I do not see a child to be obligated to accept the demands of the parents described there. For that matter not in any sense.

Does the situation change if the children are living under the parents' roof or if they live separately?
If they are living witht he parents they parents do have certain say so in their home. They can set rules even when the grown child should be at home if they want to. The child does not like it? Leave.
Separately? The grown child is his own boss.

What about if it's a single parent who has been a single parent for most of the childrens' lives?
What about it? I do not see any difference from what I have replied already. Maybe I missed a point.

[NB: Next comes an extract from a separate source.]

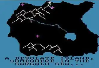 The map of islands in the Sargalo Sea in which you navigate your ship consists of a ring of islands around the perimeter of the screen.[1]: 9 Your ship starts out next to the island you just left (in the lower right of the screen) while "Lapour", the island now held by the Caliph (your goal) is in the upper left. You may land on other islands to stock up on food and resources but for the most part these islands are not fully explorable as the first one was, and serve only as places to stock up on supplies by displaying a few lines of text after you land (with one exception—see below). Navigation is a complex scheme, as you are at the mercy of wind and currents (and whether the vessel has any intact sails left) and you cannot navigate directly as you can in early Ultima titles. You must set the sails in different directions in order to catch the wind, and raise and lower anchor to start and stop your ship. Hazards include running aground if the player weighs anchor too close to shore, being caught in a whirlpool which may destroy the ship or destroy its sails, scurvy among the crew, calm winds (which is harmless to the ship but prevents any progress until the winds start up again) and falling off the edge of the world if the ship gets too close to the edge of the map.

Should the children just accept it - after all, the parent did raise them since they were babies. The parent certainly gave up a lot to make ends meet, made plenty of his/her own sacrifices to give what s/he could to the children. Family helps family sort of thing.
I covered that. In my case my wife and I decided to bring in my mother-in-law to live with us. To me it is the thing to do. One more mouth to feed will not kill us. My wife takes the time to take care of her mom that is 81 now. That is simply love. She did not do it because my MIL demanded it or even asked. Nowadays as a society we have become more selish and often simply put parents ina nursing when. Often they are still functional that they could live with their children but they become someone to get in the way, sad but true.

Or should the children stand up to the parent and assert that they will not be taken advantage of anymore - that the parent needs to go get a second job or look for help elsewhere if s/he is struggling that terribly?
Again, if the parent is demanding and expect the grown child to support him, I do not agree. My wife and I have never asked our grown children for anything. Our philosophy is that anything we get from them is offered not demanded or expected.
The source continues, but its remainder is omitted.